Testing a triac with an ohmeter is quite simple.

A triac is a bi-directional latching conduction device. The controller in your router is telling the triac when to turn on and allow line voltage to the motor. Depending on the router and the controller, this allows it to do various things like speed control, soft start, and some more advanced things like foldback motor load controlling. 

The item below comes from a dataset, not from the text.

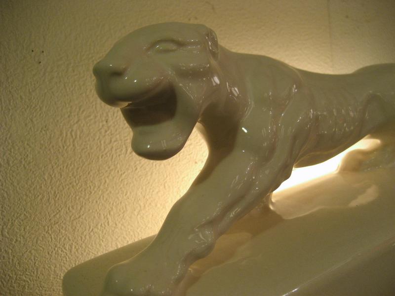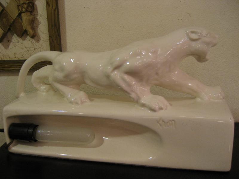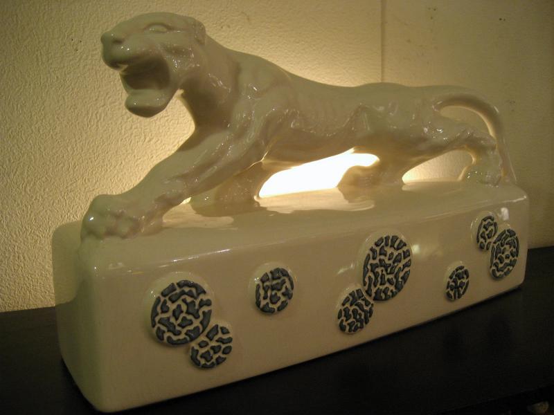 | ホワイトパンサー TVランプ 50年代 陶器製のパンサーTVランプ。 " T.V. Lamp " の本にも載っている50年代を代表するメーカーのひとつ。作りもリアルでGOOD! 電源は家庭用コンセント対応で、スイッチはベース側面に付いていてロータリー式です。 |
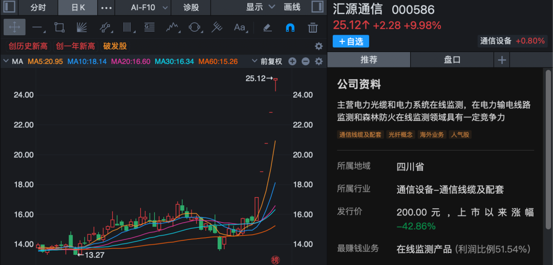 针对股价异常波动,汇源通信称公司董事会已进行全面核查,公司目前经营情况正常,不存在应披露未披露的重大事项,不存在违反信息公平披露的情形。

In case you have overloaded the triac it is likely that it has failed short. If your router has been plugged in to the wall and you have experienced any sort of electrical storm or other line surge events, your triac may fail open (this is difficult to test with a simple ohmeter). To test to see if it is short, touch the probes to the A1 and A2 legs of the triac and measure the resistance (refer to the datasheet at this link: ) If the resistance is less than 100 ohms or so, you've got a dead triac and every time you turn on your router, it will come on at 100%. Testing to see if the triac has failed open is trickier and would require you to look at the terminals while the router is on and would likely require you to use an oscilloscope. A triac from mouser.com or digikey.com is about $1 in small quantities and is easy to replace with a soldering iron.

Hope that helps.


----------



## Clouseau (Oct 12, 2009)

Gene: Did the parts fix your router. I need to go deeper into mine. I have continuity from the plug through both switches to the brushes. Previous owner thought a switch was bad. Not the case. Both switches are good. I need to find a parts list and a schematic.

Dan


----------



## Clouseau (Oct 12, 2009)

Found a schematic. How would one determine the required triac from on of the above suppliers. Direct replacement part is $60-70.


----------



## Ryebread (Sep 15, 2008)

*Triacs*

The triac, if it has failed, is simple to replace and relatively inexpensive.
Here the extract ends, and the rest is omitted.